Additionally, the most important parameter, the quantity of biogas produced was analyzed routinely by employing a water displacement appartus [5] (Fig. 1c.), and the recorded data were calibrated to STP (standard temperature and pressure) prior to inclusion in Tables 4 & 5. For biogas volume measurement, the collected biogas on reactor headspace was extracted using a syringe-needle tube connected to an aluminum bag (1 L Tedlar bag, Sigma Aldrich, Darmstadt, Germany) from which the biogas was passed through the inverted glass cylinder, resulting in a volume difference equalling to the amount of biogas channel through the water column. The volumetric biogas yield data were also converted to specific and daily yields and reported along with the cumulative yield in Tables 4 & 5.

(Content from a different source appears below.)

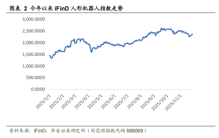 根据同花顺iFinD数据显示,年初以来人形机器人板块整体走势呈现上升趋势,四季度以来板块呈现小幅回调,主要原因或为人形机器人下游应用场景拓宽不及市场预期,但我们认为随着人形机器人产业的不断拓宽,人形机器人有望形成劳动力替代尤其在高危作业环境有望取得优先突破。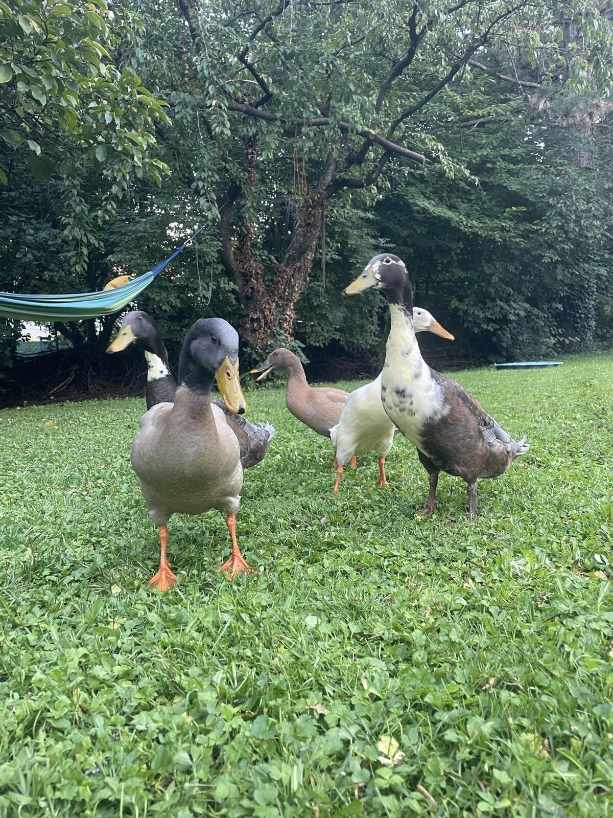 Wir müssen noch einen unserer Erpel abgeben, da sie sich in der Herde nicht verstehen. Im Mai 2025 geschlüpft. Recht zutraulich, fressen auch aus der Hand. Geflügel

Parallel to quantitative analysis, samples were also collected in glass vials (10 mL, Apodan A/S, Hørsholm, Denmark) for qualitative analysis using an in-situ gas chromatograph (8610C, SRI instruments, Torrance, USA). The chromatography data in terms of CH₄ and CO₂ content are expressed in Table 6. The cumulative biogas yield at the end of the experiment represents the biogas potential of the respective substrate, and the percent methane content illustrates the quality of the obtained potential.

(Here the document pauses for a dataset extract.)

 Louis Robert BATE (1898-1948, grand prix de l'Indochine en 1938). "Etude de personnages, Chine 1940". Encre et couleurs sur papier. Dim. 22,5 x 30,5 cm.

The deep insight into both of these parameters are an essential prerequisite to future research in assessing the possibility of a commercial or farm scale biogas plant design or even to increase the biogas productivity of the existing plants.

Declaration of Competing Interest

The author declares that he has no known competing financial interests or personal relationships which have, or could be perceived to have, influenced the work reported in this article.